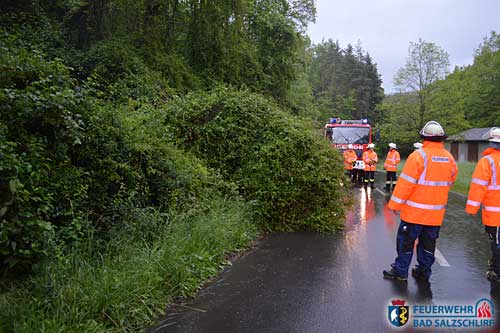 Die Feuerwehr Bad Salzschlirf wurde am Dienstmorgen um 07:10 Uhr mit dem Stichwort "H1 - Baum auf Fahrbahn" alarmiert. Der Baum wurde mittels Motorkettensäge entfernt und anschließend die Fahrbahn gereinigt.
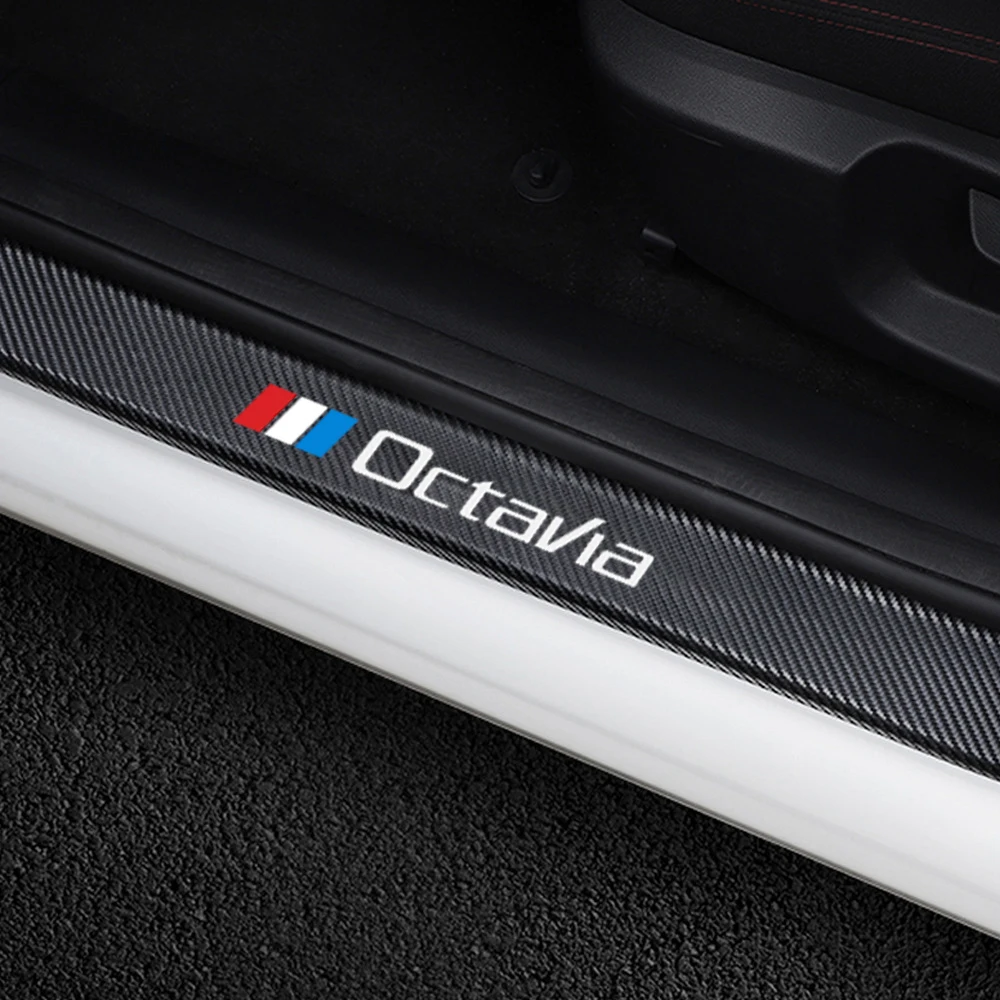 Аксессуары для Skoda Octavia 2 3 MK2 MK3 A4 A5 A7 VRS RS 4 шт. защитная пленка из углеродного волокна для порога автомобиля защитные кожаные виниловые наклейки
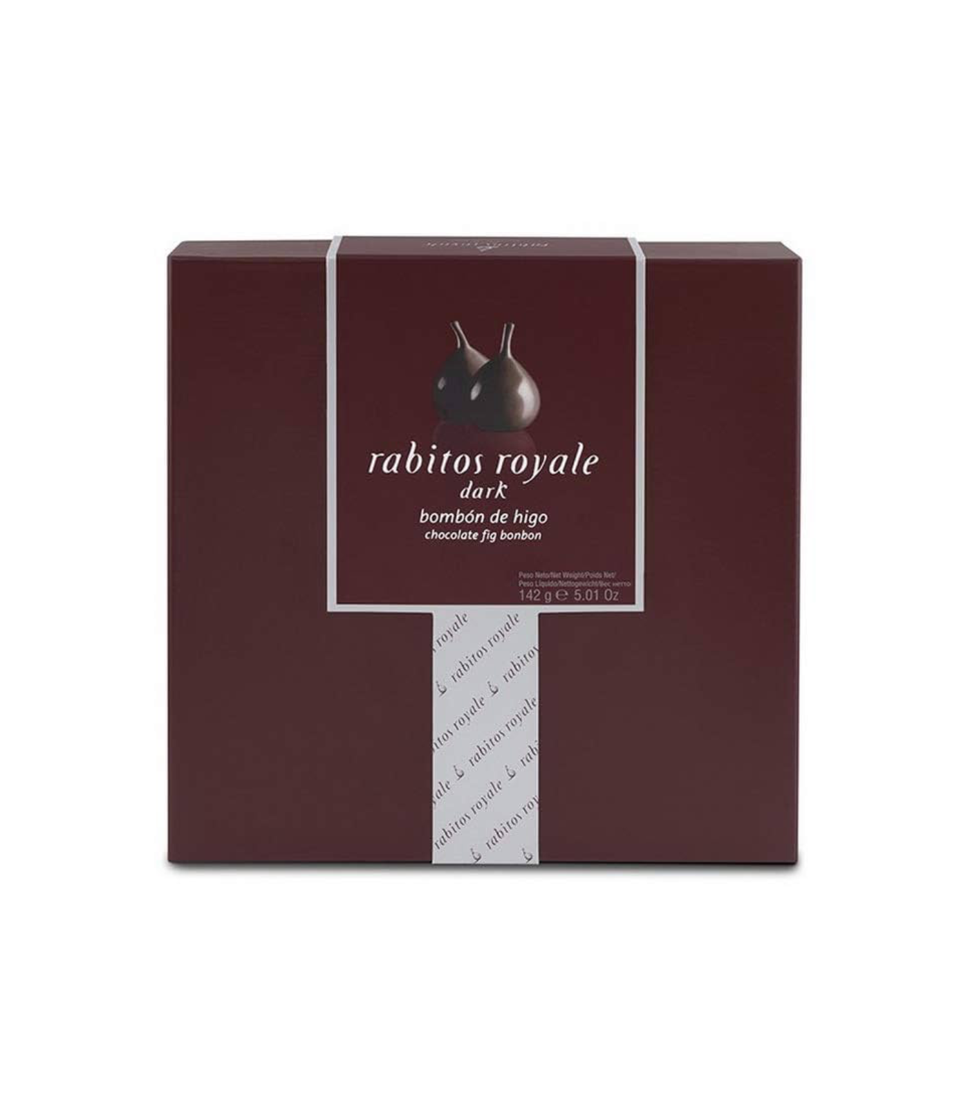 Il s'agit d'une boîte de chocolats noirs Fig Rabitos Royale, contenant environ 8 unités de délicieux bonbons aux figues.
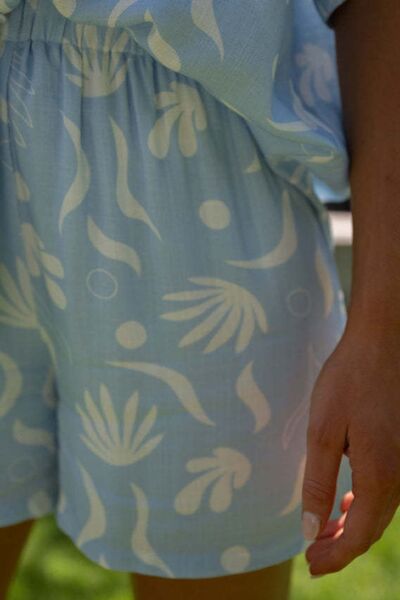 Printed Collared Neck Top and Shorts Set
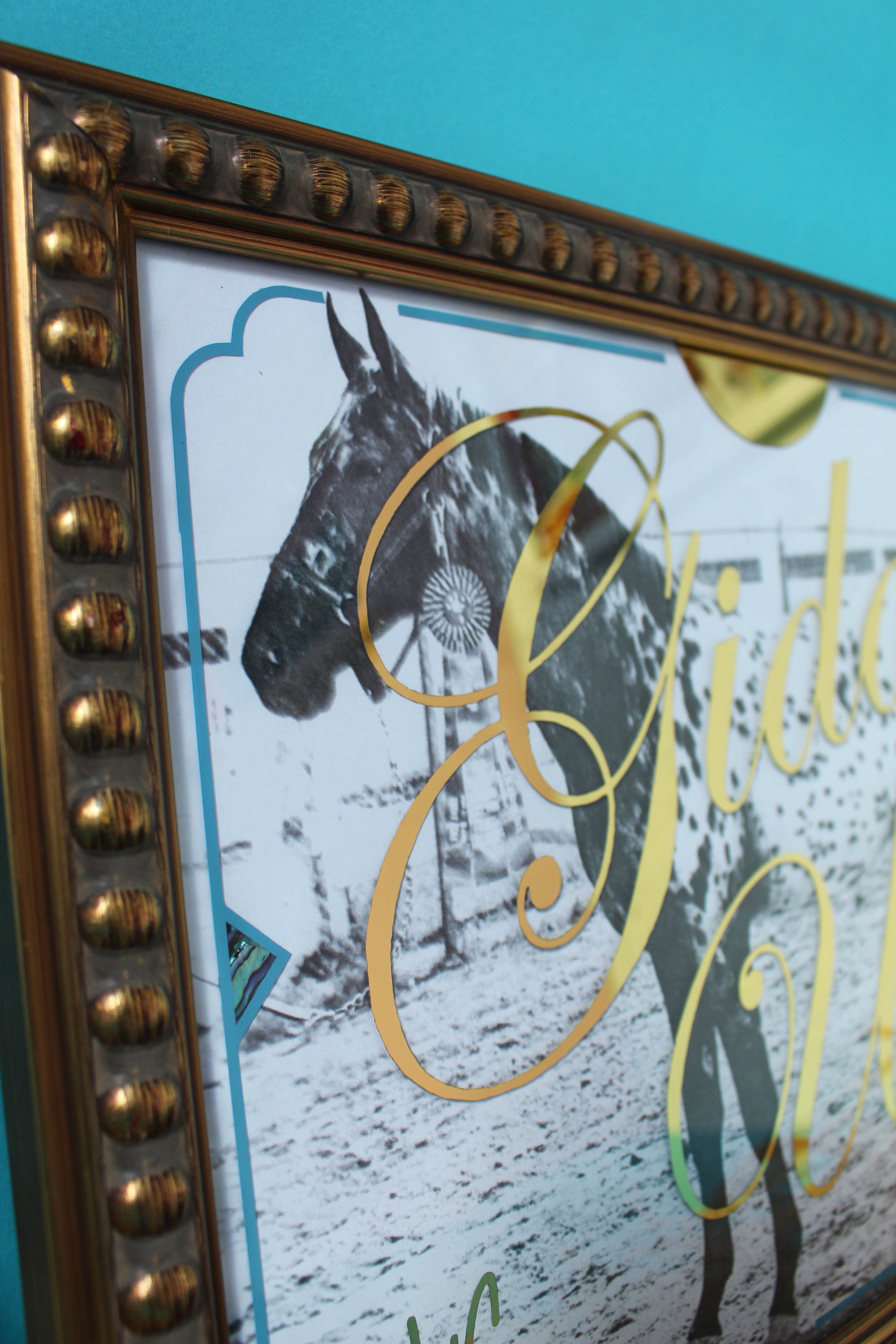23ct yellow gold leaf, Paua mother of pearl shell, White/black Appaloosa.
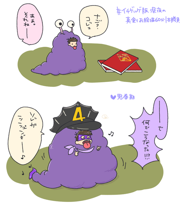 今日はお題間違えなかったぞー笑 (@1geruge_matsu) #イチゲルゲ版深夜の真剣お絵描き60分一本勝負 トってぃ「って寝落ちしちゃってるじゃん!!SNS上げようと思ったのに〜!」
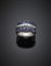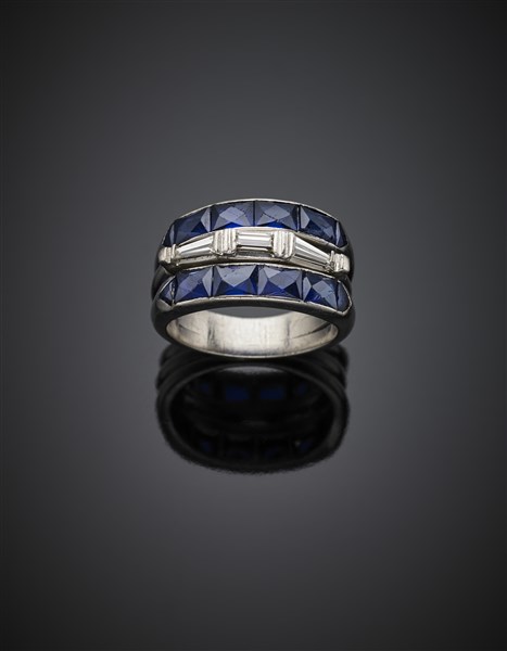 Anello in platino e diamanti con le due fedi in zaffiri sintetici per complessivi ct. 3.50 circa e al centro tre diamanti, due tapered e una baguette per complessivi ct. 0,90 circa g 12,83 misura 15/55.
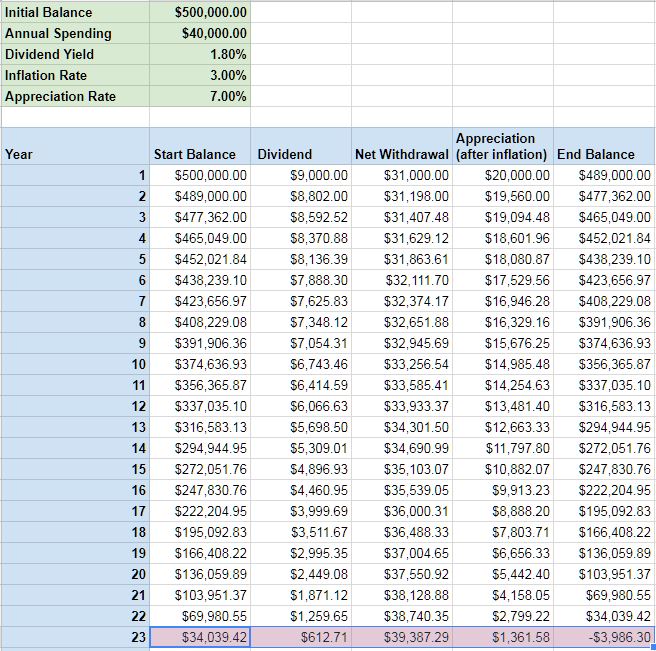 Here’s a quick spreadsheet with simple assumptions and 4% after-inflation stock market returns. In this situation the first 500 grand lasts about 23 years.

◆ **Problem statement**: Starting with the opening line of the listing, write out each line exactly until the line that contains "Anello in platino" has been included; skip the pictures.

◆ **Answer below**:
 Die Feuerwehr Bad Salzschlirf wurde am Dienstmorgen um 07:10 Uhr mit dem Stichwort "H1 - Baum auf Fahrbahn" alarmiert. Der Baum wurde mittels Motorkettensäge entfernt und anschließend die Fahrbahn gereinigt.
 Аксессуары для Skoda Octavia 2 3 MK2 MK3 A4 A5 A7 VRS RS 4 шт. защитная пленка из углеродного волокна для порога автомобиля защитные кожаные виниловые наклейки
 Il s'agit d'une boîte de chocolats noirs Fig Rabitos Royale, contenant environ 8 unités de délicieux bonbons aux figues.
 Printed Collared Neck Top and Shorts Set
23ct yellow gold leaf, Paua mother of pearl shell, White/black Appaloosa.
 今日はお題間違えなかったぞー笑 (@1geruge_matsu) #イチゲルゲ版深夜の真剣お絵描き60分一本勝負 トってぃ「って寝落ちしちゃってるじゃん!!SNS上げようと思ったのに〜!」
 Anello in platino e diamanti con le due fedi in zaffiri sintetici per complessivi ct. 3.50 circa e al centro tre diamanti, due tapered e una baguette per complessivi ct. 0,90 circa g 12,83 misura 15/55.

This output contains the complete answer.